Andrew Bezzina / LinkedIn
eCabs CEO Andrew Bezzina / LinkedIn

However, he added that this is not a new idea, as it was put forward by Government a few years ago. Then Minister for Transport, Infrastructure and Capital Projects Ian Borg had announced plans to split the authority in three separate regulators, one each for sea, land and air transport, with the promise of increased efficiency. Chief Justice Emeritus Joseph Azzopardi had even been appointed to lead the working group to manage the change.

Despite this, almost two years and a cabinet reshuffle later, Mr Bezzina noted that “little has been heard about this”, with the plug seemingly being quietly pulled.

“To be fair, transport policymakers face a nightmarish scenario: thickening population density, insufficient infrastructure and a disappointing uptake of transport alternatives, all of which push people to stick with their private car, adding more and more vehicles to an overstretched network,” he explained.

However, he remarked that if other cities and dense urban areas across the globe have fostered functional transport systems, then Malta should be able to follow suit.

A number of proposals have been put forward by business leaders over recent months about possible ways to curb Malta’s traffic issues, such as underground pathways dedicated to pedestrians and also the introduction of on-street parking fees. Despite the calls from the public, none of these measures have been put in place.

Mr Bezzina added that a significant amount of responsibility rests on individual drivers, yet TM also plays a “central role” in this.

“There are compelling arguments for unravelling the intricate web of transport regulation and establishing an independent transport authority that can prioritise, specialise and catalyse Malta’s land transport system to its fullest potential,” he continued.

He acknowledged that the maritime and aviation sectors deserve dedicated attention as well, since they are important economic sectors within themselves. Yet he also pointed out that there is “no reason why these two sectors should not also have their regulatory reference point that is separate from road transport”.

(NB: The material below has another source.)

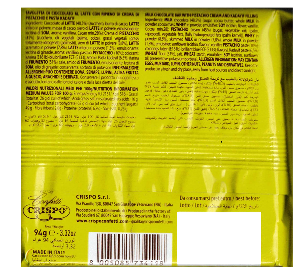 La Tavoletta Dubai Style di Crispo rappresenta un’esperienza di gusto raffinata e contemporanea. Ogni tavoletta è un piccolo capolavoro che combina la dolcezza del cioccolato con l’intensità del pistacchio e la delicata croccantezza della Kadayif. Conffezione perfetta come regalo raffinato o per concedersi un momento di puro piacere. Conservare a temperatura ambiente per mantenere intatte tutte le caratteristiche organolettiche del prodotto. Un’autentica delizia che unisce la tradizione italiana del cioccolato con i sapori esotici del Medio Oriente!

Additionally, Mr Bezzina noted that TM has “never had a Chief Executive who is an expert in land transport”, as it has always been led by someone from either the maritime sector or the aviation sector. Current CEO Jonathan Borg hails from the maritime sector, with more than 30 years of experience in the area.

“A dedicated land transport authority would not only navigate the maze of road safety, licensing and traffic management, but also proactively address the evolving needs of public transportation, emerging tech solutions and infrastructure development,” Mr Bezzina explained. He added that such a dedicated authority would enable “greater synergy” with Infrastructure Malta on the projects needed.

“In summary, the one-stop-shop of land, sea and air transport has become entangled in the complex dynamics of managing diverse transport sectors,” he said.

This has resulted in “diluted focus and compromised effectiveness”, despite the “hard work of some truly dedicated TM officials”. He added that such a split would “untether the road transport sector”, bringing about more streamlined decision-making, resource allocation, and policy implementation. This “newfound agility” could push for more safety and a reduction of congestion in Malta’s roads.

Mr Bezzina also noted that as technology continues to advance rapidly, a regulator with a “clear mandate and unambiguous responsibility that really gets tech is also sorely needed”. While he acknowledged that Government took the decision some years ago to address Malta’s infrastructural deficit, economic and population growth, together with more construction and traffic density, “all swelled in tandem”.

As a result, a staggering amount of funds were dedicated towards upgrading Malta’s road network, with many debating whether new roads and flyovers could actually reduce traffic congestion.

“Now that the asphalt has been set, it is clear that this infrastructural upgrade was in fact needed. But it is also apparent that wider and smoother carriageways and new tunnels were never going to address the reasons our transport system is failing,” Mr Bezzina concluded.